Extracted data START

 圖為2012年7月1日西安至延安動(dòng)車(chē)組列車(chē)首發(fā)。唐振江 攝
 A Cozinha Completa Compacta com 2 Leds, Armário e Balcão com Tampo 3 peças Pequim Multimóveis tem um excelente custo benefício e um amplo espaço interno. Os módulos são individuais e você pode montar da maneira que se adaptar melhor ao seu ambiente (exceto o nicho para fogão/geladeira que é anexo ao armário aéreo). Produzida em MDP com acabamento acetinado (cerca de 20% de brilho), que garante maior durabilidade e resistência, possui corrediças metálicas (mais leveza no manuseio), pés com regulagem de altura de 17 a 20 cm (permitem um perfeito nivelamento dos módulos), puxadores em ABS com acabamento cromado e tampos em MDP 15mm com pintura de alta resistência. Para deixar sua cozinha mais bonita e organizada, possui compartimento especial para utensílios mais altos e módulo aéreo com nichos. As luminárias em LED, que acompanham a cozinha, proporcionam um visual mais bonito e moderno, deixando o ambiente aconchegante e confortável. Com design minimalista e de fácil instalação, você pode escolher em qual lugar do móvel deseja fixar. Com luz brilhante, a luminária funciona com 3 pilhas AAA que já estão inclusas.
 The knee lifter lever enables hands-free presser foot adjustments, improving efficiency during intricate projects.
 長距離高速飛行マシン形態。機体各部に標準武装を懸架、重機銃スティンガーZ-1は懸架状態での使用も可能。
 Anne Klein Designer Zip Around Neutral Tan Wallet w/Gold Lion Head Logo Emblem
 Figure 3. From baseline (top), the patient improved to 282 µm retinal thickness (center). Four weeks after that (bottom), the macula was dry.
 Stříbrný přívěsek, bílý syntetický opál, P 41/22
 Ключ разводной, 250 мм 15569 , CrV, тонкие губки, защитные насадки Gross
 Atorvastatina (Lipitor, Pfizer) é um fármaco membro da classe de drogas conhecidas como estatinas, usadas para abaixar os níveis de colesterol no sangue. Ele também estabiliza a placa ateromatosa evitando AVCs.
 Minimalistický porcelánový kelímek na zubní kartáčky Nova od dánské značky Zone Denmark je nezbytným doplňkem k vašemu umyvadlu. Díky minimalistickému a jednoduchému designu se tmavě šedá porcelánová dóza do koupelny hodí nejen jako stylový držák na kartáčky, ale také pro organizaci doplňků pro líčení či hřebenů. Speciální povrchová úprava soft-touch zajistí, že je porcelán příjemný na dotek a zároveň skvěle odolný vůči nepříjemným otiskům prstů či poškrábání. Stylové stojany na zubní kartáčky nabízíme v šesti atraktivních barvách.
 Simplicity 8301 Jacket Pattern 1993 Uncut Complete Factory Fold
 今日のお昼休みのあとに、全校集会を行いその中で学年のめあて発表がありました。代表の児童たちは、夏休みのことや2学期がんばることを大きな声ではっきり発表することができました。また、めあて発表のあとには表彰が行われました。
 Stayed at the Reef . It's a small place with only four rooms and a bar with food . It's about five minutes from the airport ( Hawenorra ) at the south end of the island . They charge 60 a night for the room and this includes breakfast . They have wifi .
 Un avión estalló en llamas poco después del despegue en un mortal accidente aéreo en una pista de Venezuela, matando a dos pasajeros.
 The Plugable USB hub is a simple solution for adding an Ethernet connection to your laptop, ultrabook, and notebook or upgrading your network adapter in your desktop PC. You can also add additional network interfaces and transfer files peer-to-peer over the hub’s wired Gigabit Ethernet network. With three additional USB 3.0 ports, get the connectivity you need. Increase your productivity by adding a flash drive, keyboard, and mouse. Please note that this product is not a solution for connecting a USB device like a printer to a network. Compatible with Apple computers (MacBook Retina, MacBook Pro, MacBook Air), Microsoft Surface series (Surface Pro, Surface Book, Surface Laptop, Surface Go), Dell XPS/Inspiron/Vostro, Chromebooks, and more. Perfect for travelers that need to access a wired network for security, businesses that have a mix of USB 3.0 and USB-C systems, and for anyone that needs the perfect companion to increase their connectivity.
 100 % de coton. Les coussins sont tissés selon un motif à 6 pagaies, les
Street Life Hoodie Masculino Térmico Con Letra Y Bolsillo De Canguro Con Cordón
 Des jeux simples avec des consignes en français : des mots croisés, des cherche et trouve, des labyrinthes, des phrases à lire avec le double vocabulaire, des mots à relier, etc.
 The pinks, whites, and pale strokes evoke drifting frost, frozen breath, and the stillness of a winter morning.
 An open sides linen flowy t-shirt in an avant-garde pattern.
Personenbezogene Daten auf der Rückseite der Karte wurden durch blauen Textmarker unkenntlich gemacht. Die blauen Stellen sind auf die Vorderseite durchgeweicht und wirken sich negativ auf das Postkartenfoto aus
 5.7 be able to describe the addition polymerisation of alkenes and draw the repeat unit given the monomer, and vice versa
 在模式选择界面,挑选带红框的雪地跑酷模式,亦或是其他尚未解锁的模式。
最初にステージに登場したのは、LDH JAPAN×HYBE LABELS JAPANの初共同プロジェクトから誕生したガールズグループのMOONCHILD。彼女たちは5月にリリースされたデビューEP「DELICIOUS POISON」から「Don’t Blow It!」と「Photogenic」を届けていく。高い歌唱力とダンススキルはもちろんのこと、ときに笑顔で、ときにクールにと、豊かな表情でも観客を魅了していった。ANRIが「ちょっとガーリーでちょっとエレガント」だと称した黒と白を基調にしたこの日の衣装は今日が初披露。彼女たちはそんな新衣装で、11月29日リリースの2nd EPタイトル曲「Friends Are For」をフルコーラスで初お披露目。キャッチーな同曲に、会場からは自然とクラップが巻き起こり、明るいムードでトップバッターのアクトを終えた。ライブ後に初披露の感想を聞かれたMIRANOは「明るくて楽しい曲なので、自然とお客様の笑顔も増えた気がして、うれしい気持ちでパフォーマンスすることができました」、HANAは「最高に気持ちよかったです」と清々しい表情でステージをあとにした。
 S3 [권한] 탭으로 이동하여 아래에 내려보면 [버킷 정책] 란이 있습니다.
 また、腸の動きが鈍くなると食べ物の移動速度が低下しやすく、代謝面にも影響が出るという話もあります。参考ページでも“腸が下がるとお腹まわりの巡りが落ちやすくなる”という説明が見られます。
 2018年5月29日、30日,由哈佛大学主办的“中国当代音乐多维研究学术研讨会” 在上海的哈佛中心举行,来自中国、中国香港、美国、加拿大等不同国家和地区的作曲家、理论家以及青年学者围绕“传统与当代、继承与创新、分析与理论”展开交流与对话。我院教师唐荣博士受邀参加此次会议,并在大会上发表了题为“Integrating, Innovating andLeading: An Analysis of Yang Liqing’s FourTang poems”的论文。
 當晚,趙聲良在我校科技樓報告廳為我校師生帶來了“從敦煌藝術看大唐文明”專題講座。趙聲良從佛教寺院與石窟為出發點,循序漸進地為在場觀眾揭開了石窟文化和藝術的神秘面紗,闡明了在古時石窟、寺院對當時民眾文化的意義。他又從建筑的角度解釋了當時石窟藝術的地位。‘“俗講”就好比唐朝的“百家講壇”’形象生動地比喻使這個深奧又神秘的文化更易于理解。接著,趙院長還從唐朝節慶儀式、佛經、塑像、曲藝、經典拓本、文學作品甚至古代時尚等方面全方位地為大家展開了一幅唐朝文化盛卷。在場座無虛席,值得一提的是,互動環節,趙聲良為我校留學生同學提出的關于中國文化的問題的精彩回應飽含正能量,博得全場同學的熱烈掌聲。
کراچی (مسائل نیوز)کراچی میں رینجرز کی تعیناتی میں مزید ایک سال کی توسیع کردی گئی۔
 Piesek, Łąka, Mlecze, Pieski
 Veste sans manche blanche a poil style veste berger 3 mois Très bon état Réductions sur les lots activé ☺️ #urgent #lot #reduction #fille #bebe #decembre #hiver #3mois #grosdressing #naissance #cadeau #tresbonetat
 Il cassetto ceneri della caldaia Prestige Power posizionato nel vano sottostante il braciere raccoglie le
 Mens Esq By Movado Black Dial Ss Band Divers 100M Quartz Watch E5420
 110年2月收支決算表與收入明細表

Extracted data END

Exercise objective >> With both ends included, please retype exactly the lines from the line containing "また、腸の動きが鈍くなると食" to the final line of the data.

Task output >>
 また、腸の動きが鈍くなると食べ物の移動速度が低下しやすく、代謝面にも影響が出るという話もあります。参考ページでも“腸が下がるとお腹まわりの巡りが落ちやすくなる”という説明が見られます。
 2018年5月29日、30日,由哈佛大学主办的“中国当代音乐多维研究学术研讨会” 在上海的哈佛中心举行,来自中国、中国香港、美国、加拿大等不同国家和地区的作曲家、理论家以及青年学者围绕“传统与当代、继承与创新、分析与理论”展开交流与对话。我院教师唐荣博士受邀参加此次会议,并在大会上发表了题为“Integrating, Innovating andLeading: An Analysis of Yang Liqing’s FourTang poems”的论文。
 當晚,趙聲良在我校科技樓報告廳為我校師生帶來了“從敦煌藝術看大唐文明”專題講座。趙聲良從佛教寺院與石窟為出發點,循序漸進地為在場觀眾揭開了石窟文化和藝術的神秘面紗,闡明了在古時石窟、寺院對當時民眾文化的意義。他又從建筑的角度解釋了當時石窟藝術的地位。‘“俗講”就好比唐朝的“百家講壇”’形象生動地比喻使這個深奧又神秘的文化更易于理解。接著,趙院長還從唐朝節慶儀式、佛經、塑像、曲藝、經典拓本、文學作品甚至古代時尚等方面全方位地為大家展開了一幅唐朝文化盛卷。在場座無虛席,值得一提的是,互動環節,趙聲良為我校留學生同學提出的關于中國文化的問題的精彩回應飽含正能量,博得全場同學的熱烈掌聲。
کراچی (مسائل نیوز)کراچی میں رینجرز کی تعیناتی میں مزید ایک سال کی توسیع کردی گئی۔
 Piesek, Łąka, Mlecze, Pieski
 Veste sans manche blanche a poil style veste berger 3 mois Très bon état Réductions sur les lots activé ☺️ #urgent #lot #reduction #fille #bebe #decembre #hiver #3mois #grosdressing #naissance #cadeau #tresbonetat
 Il cassetto ceneri della caldaia Prestige Power posizionato nel vano sottostante il braciere raccoglie le
 Mens Esq By Movado Black Dial Ss Band Divers 100M Quartz Watch E5420
 110年2月收支決算表與收入明細表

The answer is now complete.